Background: Diffuse parenchymal lung diseases (DPLD) in children represent a rare and heterogeneous group of chronic pulmonary disorders. Despite substantial advances in enetics and pathomechanisms, these often lethal diseases are still under-diagnosed. This is due to the fact that (i) the incidence is low, and (ii) clinical presentation, (iii) disease classification and (iv) specific treatment options are largely unknown.

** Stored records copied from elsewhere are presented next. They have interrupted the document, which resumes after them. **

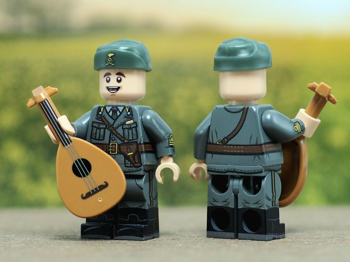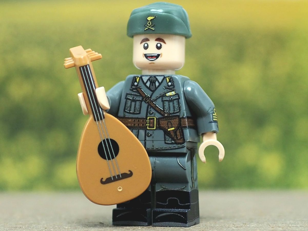 Printed in 360° on genuine Lego base, the figure wears the WW2 Italian officer uniform, complete with side cap and his signature mandolin, symbol of his romantic spirit.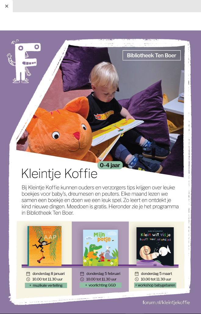 Onderwerpen m.b.t. voorlezen, mediaopvoeding of muziek bijvoorbeeld. Loop gerust even binnen, het is gratis en je mag zo lang of kort blijven als je wilt. Wil je niets missen van een presentatie of voorstelling, zorg dan dat je er op tijd bent.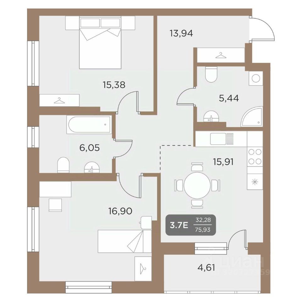 Общая площадь75,93 м2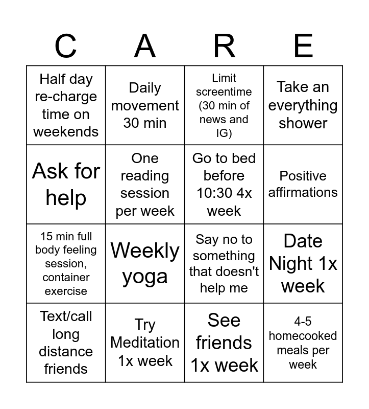 This bingo card has 16 words: Try Meditation 1x week, Date Night 1x week, Limit screentime (30 min of news and IG), Half day re-charge time on weekends, 15 min full body feeling session, container exercise, Daily movement 30 min, Say no to something that doesn't help me, See friends 1x week, Ask for help, One reading session per week, Text/call long distance friends, Take an everything shower, Weekly yoga, Positive affirmations, Go to bed before 10:30 4x week and 4-5 homecooked meals per week.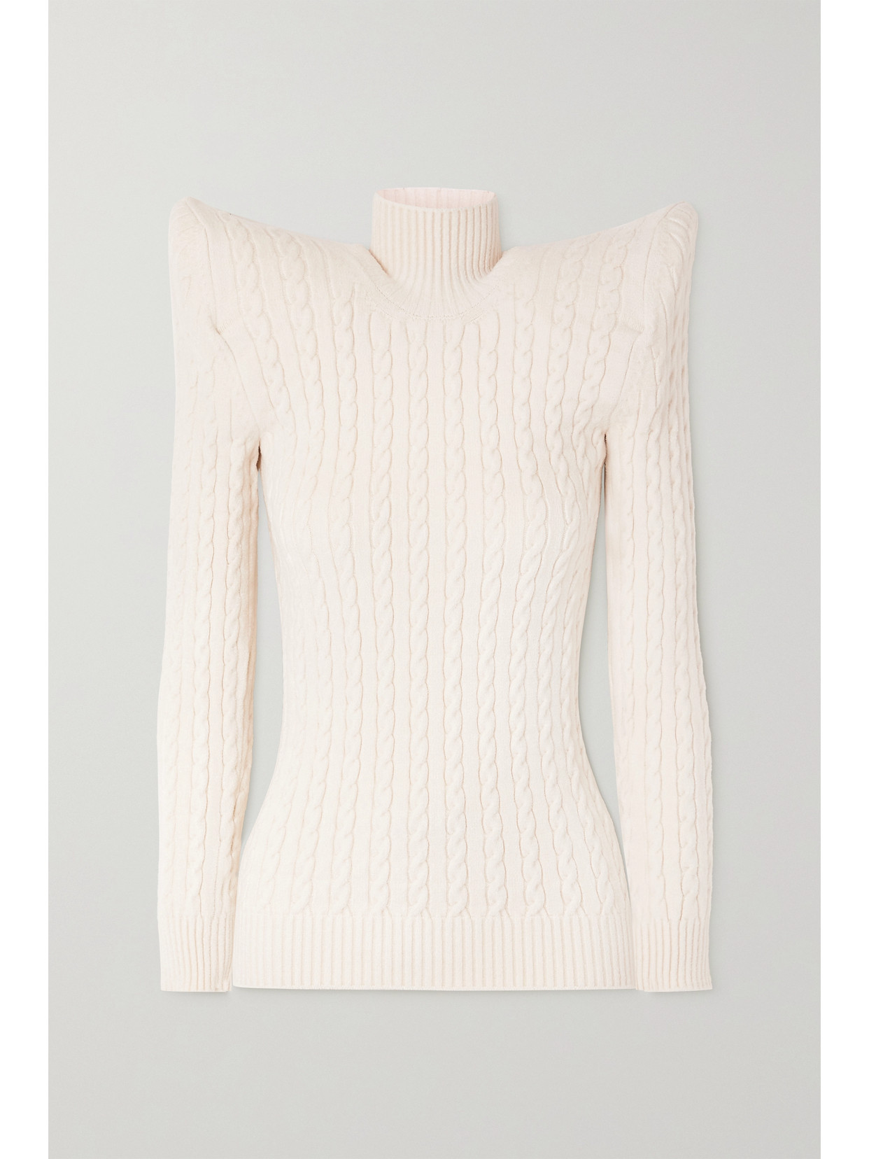 Balenciaga's turtleneck sweater debuted on the label's Fall '20 runway, where it stood out for its dramatic, angular padded shoulders. It's been made in Italy from tactile velvet with cable knit-effect detailing and has a slim fit through the bodice. Wear yours with a pencil skirt and knee boots to channel the show styling. Wear it with: [Balenciaga Skirt id1281876], [Balenciaga Shoulder bag id1249740], [Balenciaga Ankle boots id1306395], [Balenciaga Earrings id1238527].

Methods: Here we systematically assessed the incidence, the presentation, the diagnostic yield and treatments of pediatric DPLD in Germany, using the Surveillance Unit for Rare Paediatric Disorders (ESPED).
Results: The incidence of DPLD was 1.32 new cases per 1 million of children per year. The majority of these children were diagnosed within the first year of life. Overall survival was 87%. Using centralized data entry and stratification tools, the patients were categorized into an advanced classification system based on diagnostic algorithms, including clinical presentations, genetics and/or histology. Combining molecular and clinical information, this survey provides an etiological overview and specific diagnostic recommendations for children with DPLD.
Conclusions: Standardized surveys and systematic classifications are valuable tools for the clinical handling of children with DPLD and aim to improve the disease understanding and the prognosis of these rare detrimental lung diseases.